> _Exercise directions_: The expected result is the full listing, retyped exactly, without a single picture.

> _Data section_:
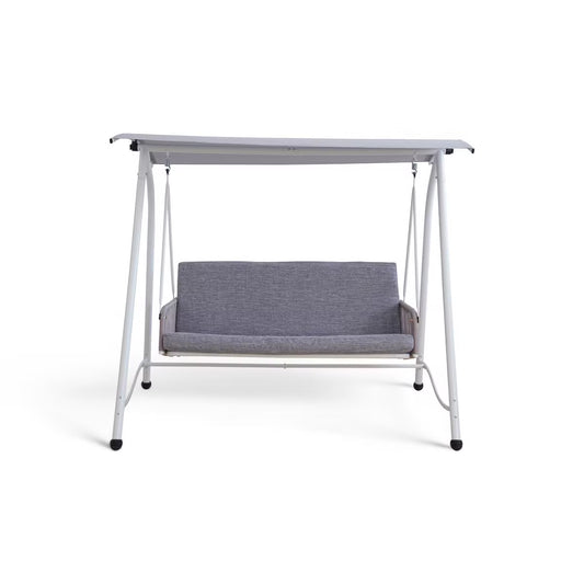 Serela 3-Seater Outdoor Swing Chair, White Steel Frame with Grey Cushions
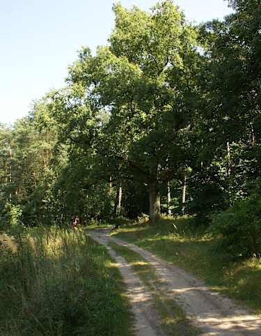 Unterwegs geht es an zwei einzelnen Gehöften vorbei. Zuerst kommt der Wilhelmshof auf der linken Seite. Wenige hundert Meter später folgt der Scharnhorst Hof. Hier gabelt sich der Weg. Nicht rechts dem Betonplattenweg folgen sondern geradeaus auf den kleinen Wiesenpfad wandern. Links kommt nach dem Hof ein kleiner Weiher, an diesem vorbeiwandern. Der Pfad führt zum Wald hinauf. Den Betonplattenweg, er knickt nach rechts ab, verlassen und gerade auf einem Feldweg weiterwandern. Wenn sich dieser gabelt rechts halten. Bald kommt ein Damwild-Gehege.
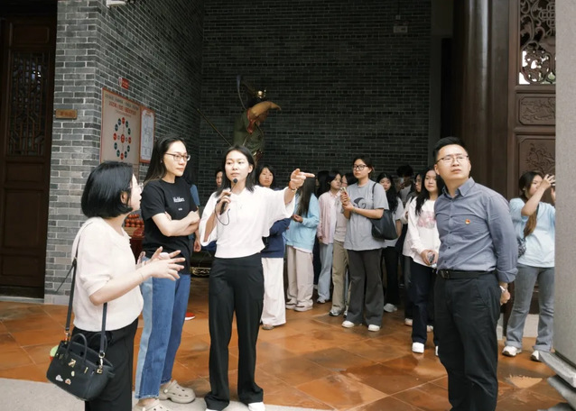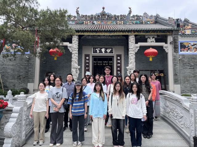 参观“菊城陶屋”后,我们来到了不远处的玅灵宫,玅灵宫屋脊的修缮由“广东传统建筑陶塑瓦脊制作技艺”代表性传承人、广东十大工匠何湛泉承造。参观期间何老师带领我们辨别“菊城陶屋”的作品,欣赏并不断学习非遗文化。

> _Solved problem_:
 Serela 3-Seater Outdoor Swing Chair, White Steel Frame with Grey Cushions
 Unterwegs geht es an zwei einzelnen Gehöften vorbei. Zuerst kommt der Wilhelmshof auf der linken Seite. Wenige hundert Meter später folgt der Scharnhorst Hof. Hier gabelt sich der Weg. Nicht rechts dem Betonplattenweg folgen sondern geradeaus auf den kleinen Wiesenpfad wandern. Links kommt nach dem Hof ein kleiner Weiher, an diesem vorbeiwandern. Der Pfad führt zum Wald hinauf. Den Betonplattenweg, er knickt nach rechts ab, verlassen und gerade auf einem Feldweg weiterwandern. Wenn sich dieser gabelt rechts halten. Bald kommt ein Damwild-Gehege.
 参观“菊城陶屋”后,我们来到了不远处的玅灵宫,玅灵宫屋脊的修缮由“广东传统建筑陶塑瓦脊制作技艺”代表性传承人、广东十大工匠何湛泉承造。参观期间何老师带领我们辨别“菊城陶屋”的作品,欣赏并不断学习非遗文化。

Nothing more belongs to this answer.